The Songlines
- First edition
- Author: Bruce Chatwin
- Language: English
- Publisher: Franklin Press
- Publication date: 1987
- Publication place: United Kingdom
- Media type: Print (Hardback & Paperback)

= The Songlines =

1987 book by Bruce Chatwin

The Songlines is a 1987 book written by British novelist and travel writer Bruce Chatwin about the songs of Aboriginal Australians and their connections to nomadic travel. A roman à clef that combines novel, travelogue, and memoir, Chatwin blends elements of fiction and non-fiction to describe a trip to Australia's Northern Territory in search of a better understanding of Aboriginal culture and religion, the Aboriginal land rights movement, and the Australian Outback more generally. The book is Chatwin's most famous work, a best seller upon publication in both the United States and United Kingdom.

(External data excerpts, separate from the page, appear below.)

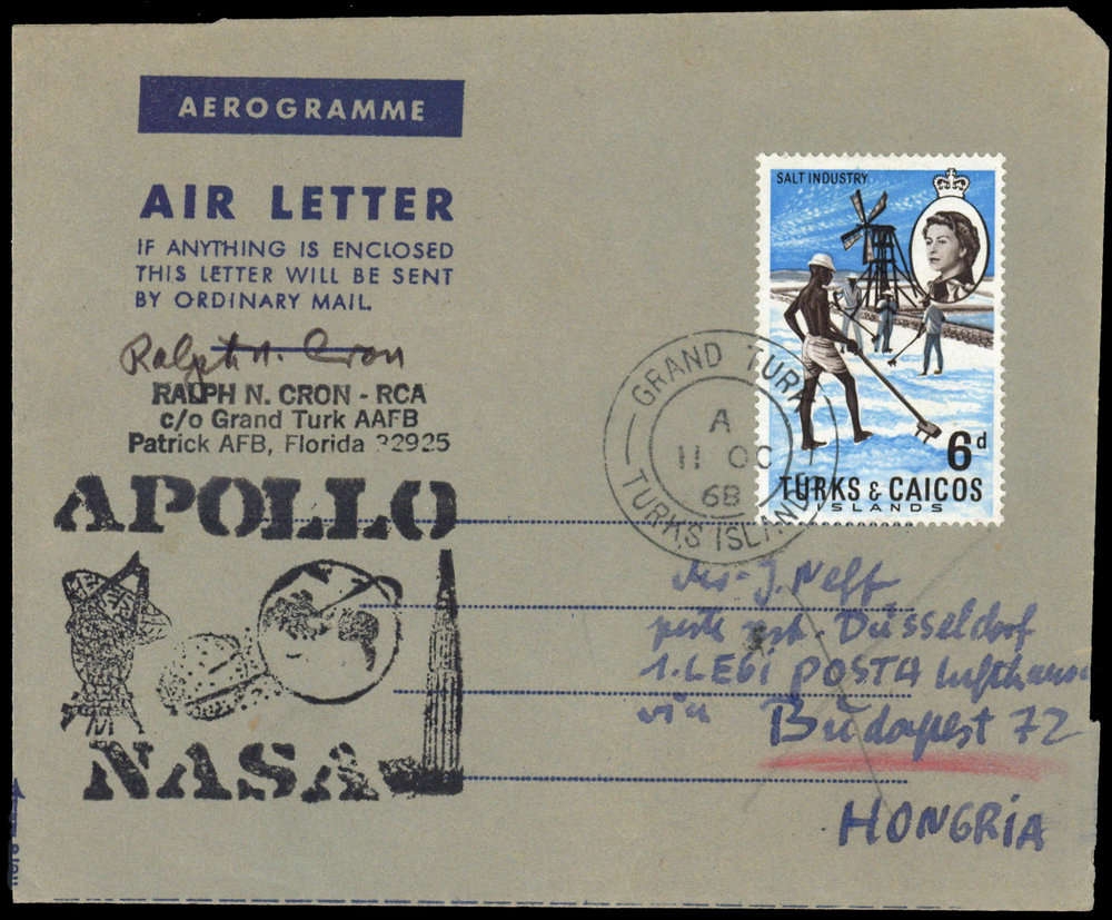 1967, 6 P Salzgewinnung, K2 "GRAND TURK 11 OC 68", auf Aerogramm, Neben-SST "APOLLO NASA", rs. Flug-Ankunft-K2 "BUDAPEST 68 X 26"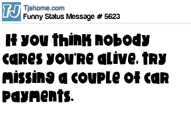 - # 22277 If you think nobody cares if you're alive, try missing a couple of car payments..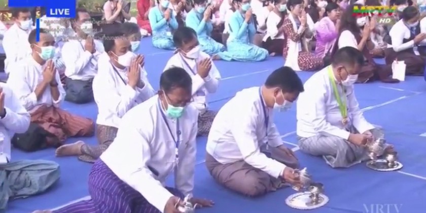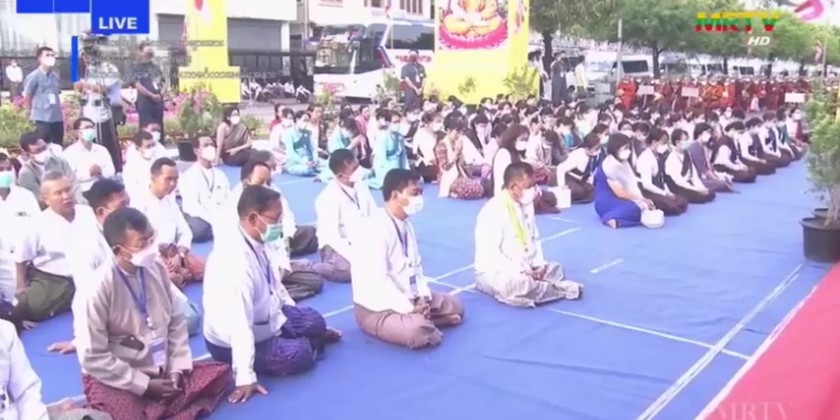 At the ceremony, first, the congregation led by the Mandalay Region Chief Minister Wunna Kyaw Htin U Maung Ko, region cabinet members, officials and well wishers observed 9 precepts administered by the presiding Sayadaw of Meikhtila monastery in Mahadhammikarama monastic complex, State Ovadacariya, Aggamahapadita Baddanta Sujanapiya. Next, the congregation took the Paritta Suttas recited by the members of Sangha.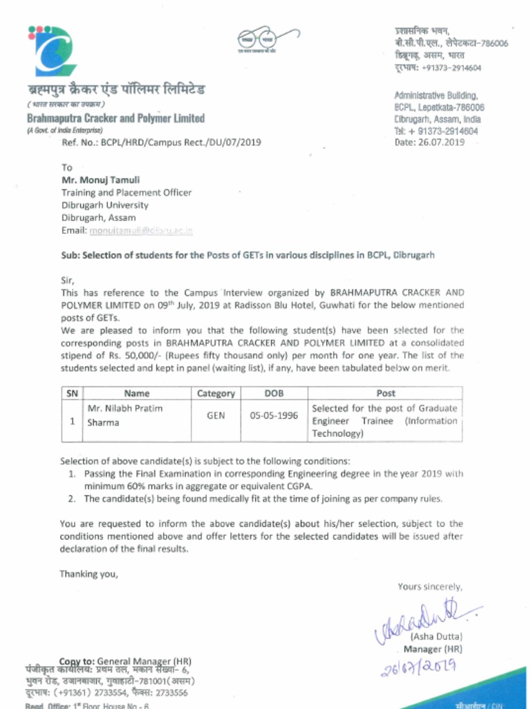 BCPL Dibrugarh Recruitment 2025 – 27 Manager, Engineer & Officer Posts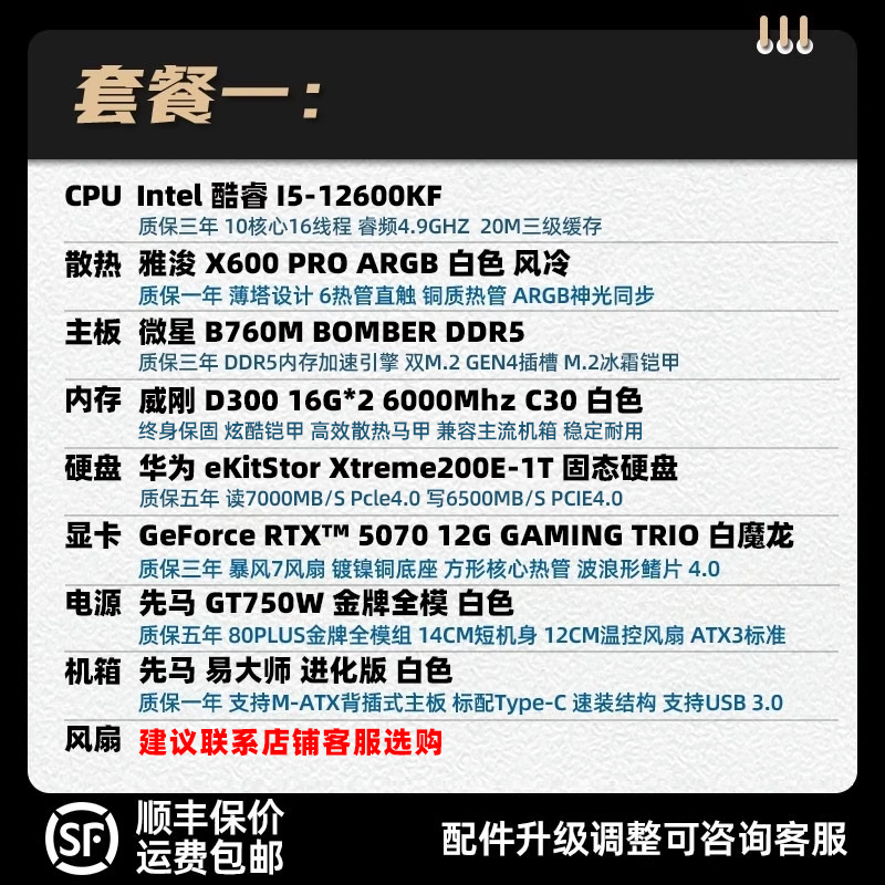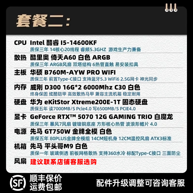 装机猿玩家店特价微星GeForceRTX5070白魔龙/14600KF/7800X3D主机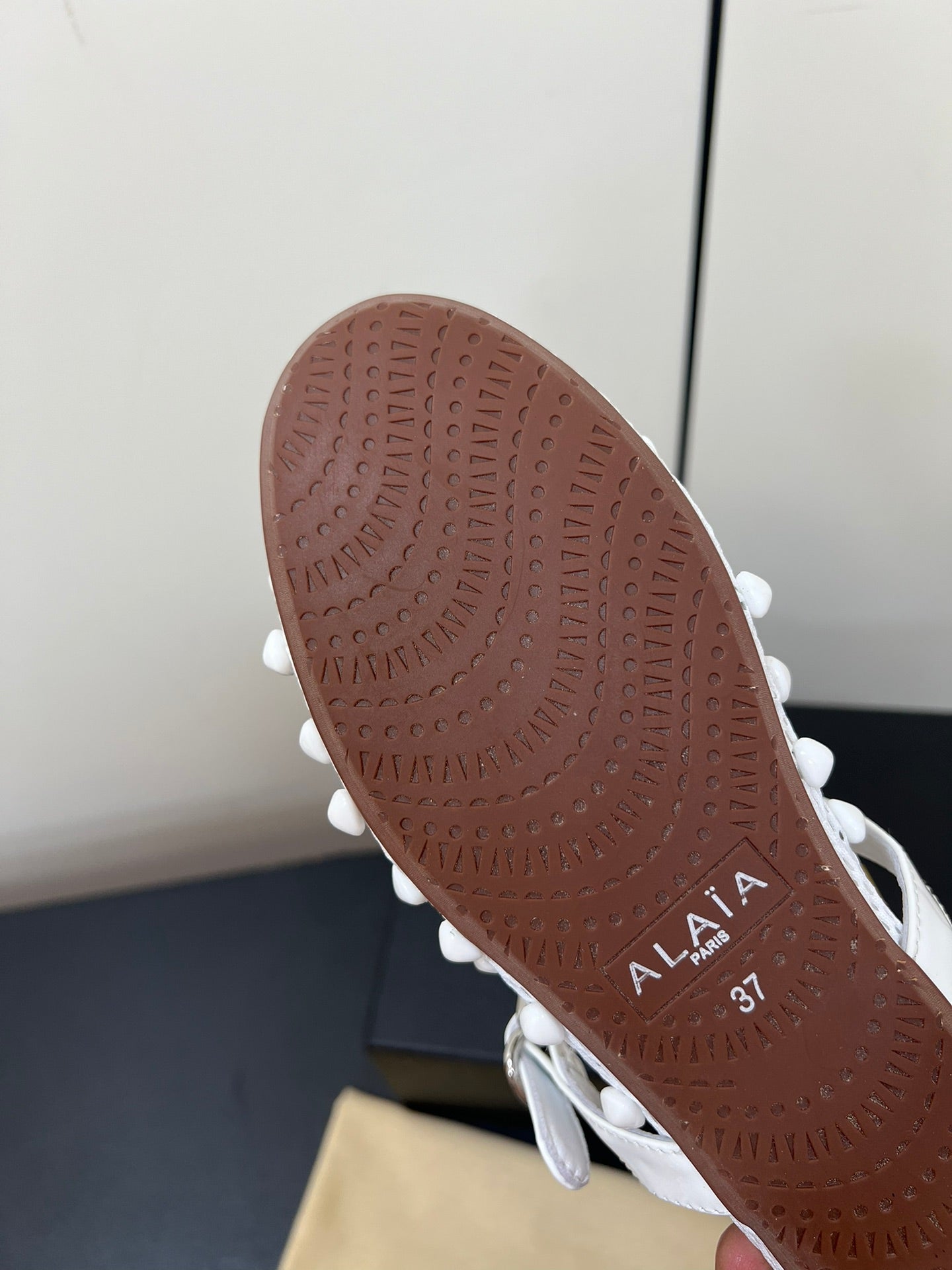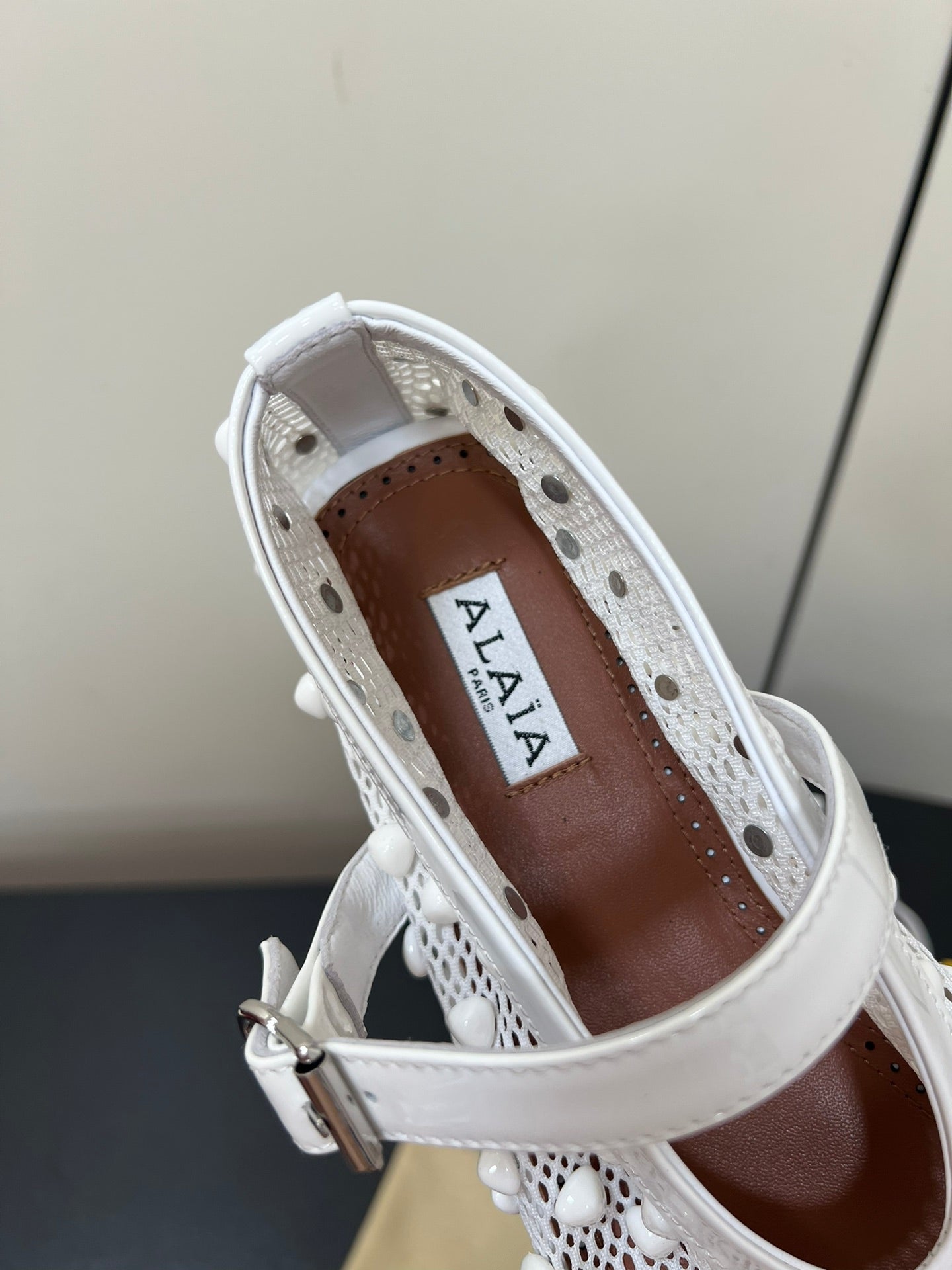 Alaila Ballet Flats With Studs On Fishnet In White 975751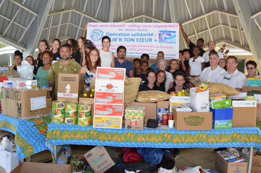 - L'opération solidaire « Lib'r ton cœur », lancée par les élèves du collège Louis-Léopold-Djiet au début du mois de mai, a permis de récolter 2 500 denrées alimentaires et produits de première nécessité. Quatre associations locales les ont récupérés vendredi au cours d'une cérémonie festive, avant d'aller les redistribuer aux familles nécessiteuses. 320 élèves, dont une trentaine d'ambassadeurs du projet, y ont participé.Les associations Un sandwich pour autrui, la Fondation des sans voix, Bien vivre à Bourail et la Banque alimentaire ont été chaleureusement accueillies par les enfants. Photo Nadège BègeBeau succès aussi pour le concours de dessins chapeauté par Julie Langlais, professeure d'arts plastiques.Il vous reste 87% de l'article à découvrir.Cet article est réservé aux abonnés.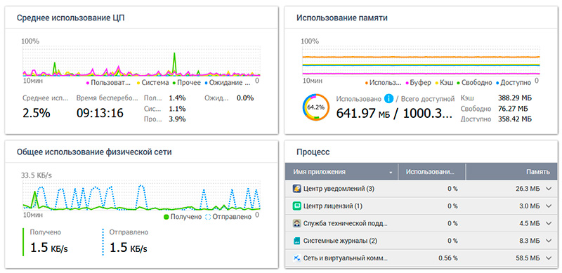 Различную информацию о работе NAS можно получать через приложение Qmanager. Также можно через это же приложение настраивать различные параметры.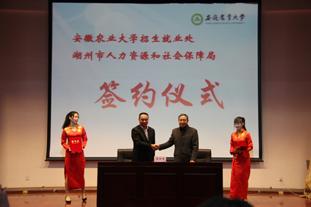 本网讯 12月26日下午,浙江省湖州市大学生就业创业新政安徽农业大学发布会暨深化拓展“9360”联盟校地人才合作签约仪式在我校图书馆第一报告厅举行。湖州市人力资源和社会保障局副局长沈福群带领湖州市2区3县人社系统负责人及企业家代表一行35人来校,校宣传部、教务处、学生处、招生就业处、团委负责人及各学院学生工作负责人、就业联络员老师等近500名师生代表参加了活动。活动由校招生就业处副处长沈兆梅主持。
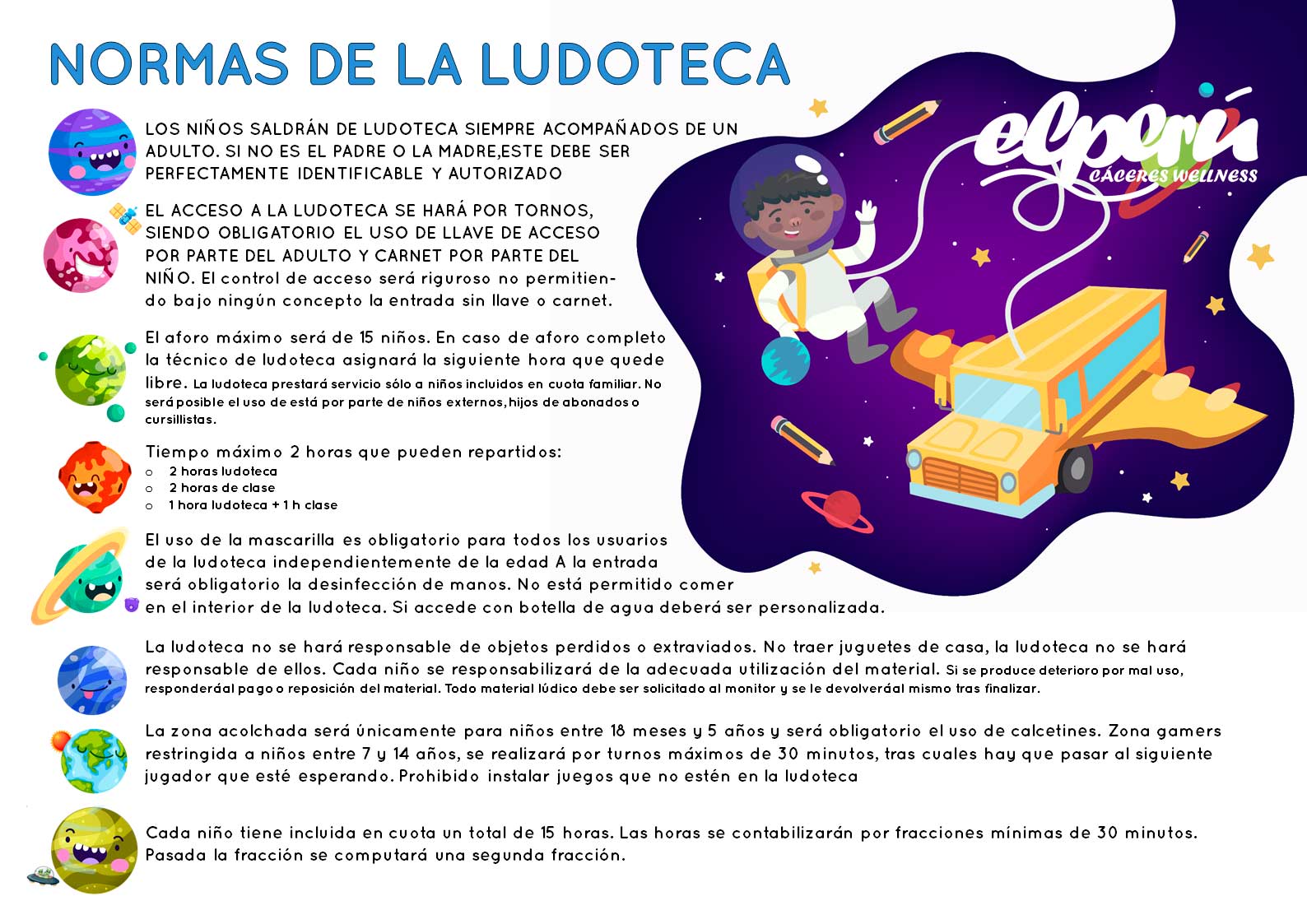 La zona acolchada será únicamente para niños entre 18 meses y 5 años y será obligatorio el uso de calcetines. Zona gamers restringida a niños entre 7 y 14 años, se realizará por turnos máximos de 30 minutos, tras cuales hay que pasar al siguiente jugador que esté esperando. Prohibido instalar juegos que no estén en la ludoteca.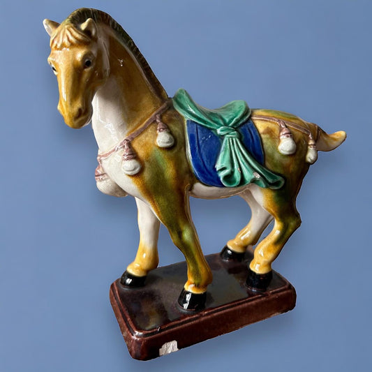 Vintage 1970s Tang Dynasty Style War Horse Ceramic Figurine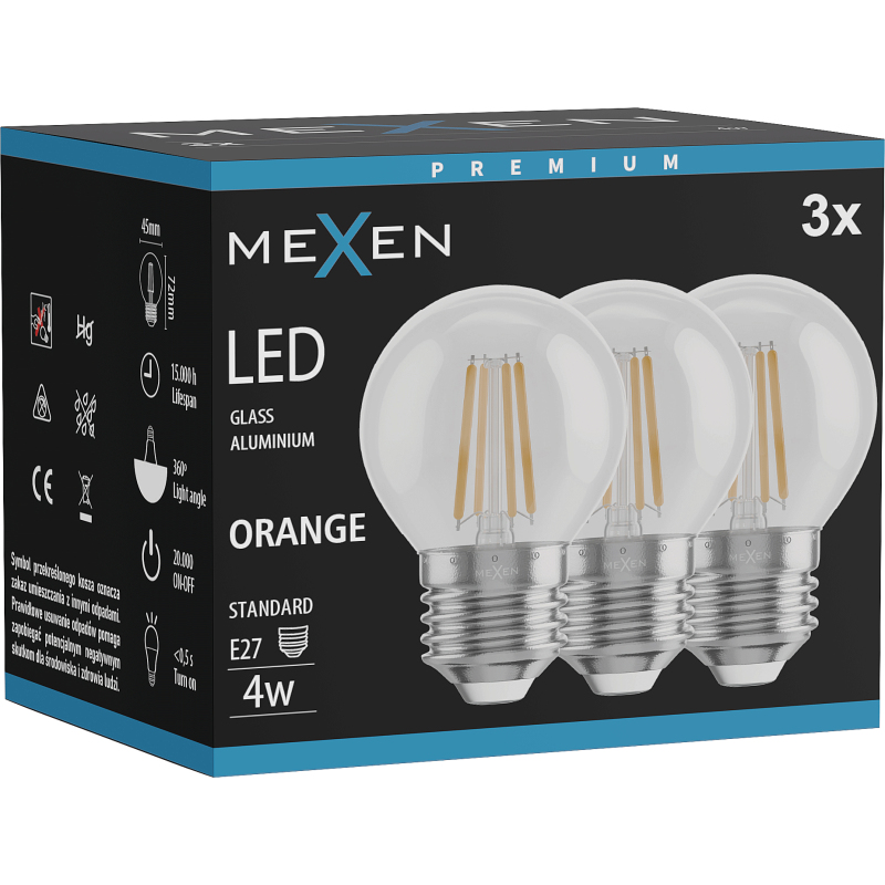 Mexen Vintis 3x żarówka filament LED E27, G45, 4W, 55 lm, orange - L156-E27-04XX-48x03
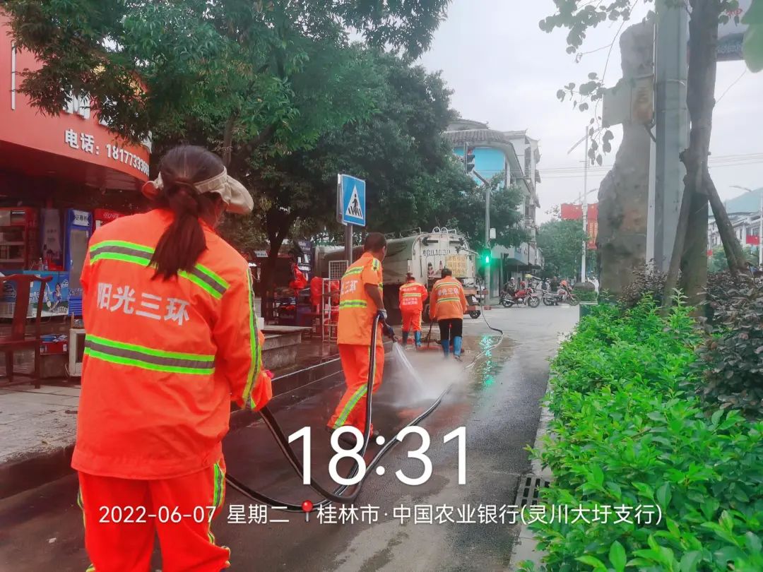 截止至6月8日,廣西陽光三環通過人工清理+機械清洗的工作方式,對大圩鎮主要機動車道、非機動車道和人行道的淤泥和道路兩側垃圾桶進行全面沖洗作業,快速恢復道路原貌,保障行人、車輛順利通行。陽光三環環衛人始終發揮能動性、團結力、吃苦耐勞精神,為美麗靈川貢獻一份力量!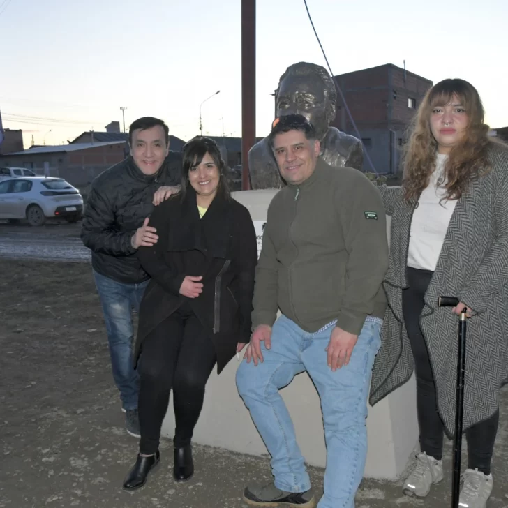 El acto fue encabezado por el intendente Pablo Grasso, acompañado del gabinete municipal y contó con la presencia de Ana Giménez y Martín González, dos de los cuatro hijos del cantor de la Patagonia, quienes descubrieron el busto que se inauguró en el espacio recreativo.

==Synopsis and other details==
The book is centered around a British writer named "Bruce" who travels to Alice Springs, Australia, to join a land surveyor mapping the location of a proposed 1,500 Kilometre railway line to be constructed from Alice Springs to Darwin, Australia. Specifically, the narrator befriends "Arkady," a local who is tasked by the rail company with conferring with local Aboriginals to understand which landscapes are considered sacred in Aboriginal culture and thus should be avoided. Arkady, Bruce and a group of Aboriginal locals travel in a Toyota Land Cruiser through Outback Australia, and the first half of the book chronicles these various encounters. Bruce eventually becomes stranded in a small, remote Aboriginal village for several weeks due to heavy rains, and spends his time musing on the nature of man as nomad and settler, connecting his Australian experiences with those of other nomadic cultures he experienced in his travels around the world. Chatwin develops a thesis about the primordial nature of Aboriginal song and its connections with the evolutionary conditions under which human populations evolved. The writing engages the hard conditions of life for present-day Indigenous Australians, including the fraught and contradictory relationship with White Australians, while appreciating the art and culture of the people for whom the Songlines are the touchstone of reality.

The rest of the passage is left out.